Рядом с Нибуром и Ранке стояли другие корифеи исторической науки, которые подробнее формулировали поучение, данное XIX веку опытом французской революции. По мнению Савиньи и Эйхгорна76, история раскрывает не только своеобразность исторических форм, но и основное начало их развития. Начало это – бессознательный, органический рост. Мало сказать, что люди не похожи друг на друга, что нельзя говорить о человеке вообще. Люди стали не похожи, обособились в племена, народы и государства не под влиянием уговоров или сознательных решений, или преднамеренных расчетов, или открытий законодателей, а в силу медленного влияния условий, стихийного творчества народной массы, которая приспособляется к условиям, наконец, давления наследственности, которое с каждым новым поколением все растет и все более стесняет область сознательного изменения.
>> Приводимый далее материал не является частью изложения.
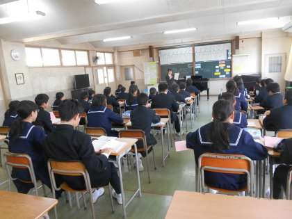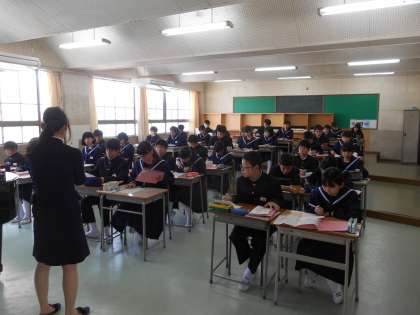授業の終わりの5分で「ふりかえり」を書いてもらいます、という話しをしているところでした。

Как слагается язык, так создаются право и учреждения: при появлении народа в истории вырабатывается известный склад, основа, народный характер, с которым волей или неволей согласуется последующее. Признавая бесконечную силу исторической преемственности, школа Савиньи естественно сделалась школой исторического консерватизма. Грановский сочувствовал протесту против отвлеченной рассудочности XVIII в. и глубоко усвоил учение об органическом росте народной личности, но он не расположен был останавливать этот рост слишком рано и не признавал, чтобы народ находился в течение всей своей деятельности под роковым и неизбежным влиянием привычек, приобретенных в его младенчестве. Полное уподобление государственных форм и права с языком казалось ему сильно преувеличенным. Вообще, признавая заслугу направления для выяснения идеи исторической преемственности, он считал необходимым отметить и противоположное влияние – постоянную и чем дальше, тем более сознательную работу каждого поколения над материальными условиями. Если растет бремя наследственности, то растет и сила сознательного воздействия; в борьбе того и другого и состоит история. Своим университетским слушателям Грановский выразил это, между прочим, так: «Глубоко знакомые с памятниками древности, с постепенным развитием права, они по чувству весьма извинительному пристрастились к этой старине, не допускали никакого уклонения от прошедшего. Главный упрек, который можно сделать этим корифеям исторической школы и их приверженцам, заключается в том, что они хорошо понимали прошедшее, но не понимали настоящего и будущего»[103]77
Естественный противовес одностороннему консерватизму школы Савиньи нашел наш ученый в трудах французских либеральных историков. Тьерри, Гизо, Мишле самостоятельно выработали историческую литературу, которая могла поспорить с немецкой по достоинству и влиянию на умы. «Никогда французская историография не стояла так высоко», – свидетельствовал Грановский. Отличительною чертой, проходившею во всех ее произведениях, были интерес к современности, надежды на будущее и желание повлиять на его течение, попытки объяснить современность как результат издавна подготовленных движений, в частности изучение исторической филиации либеральных начал, которые оказывались совсем не продуктом внезапной вспышки XVIII столетия, совсем не результатом умозрений одного или двух поколений. Гизо выяснял исторический рост представительной системы и противоположность в развитии Англии и Франции – противоположность, глубоко отразившуюся в их современном положении; Тьерри углубился в изучение средних классов и в особенности в историю городского строя, их воспитавшего; Мишле воссоздал с художественною силой культурную историю французских народных масс. Много раз отозвалось в позднейшей деятельности Грановского влияние французской школы. Успех французов он прямо приписывал оживляющему влиянию великих исторических событий, совершившихся на их глазах. На публичных лекциях 1845 года он сказал про «Lettres sur l’ histoire de France»78: «Там находится несколько писем об освобождении городов – это лучшее место у Тьерри и, может быть, лучшее во всей исторической науке».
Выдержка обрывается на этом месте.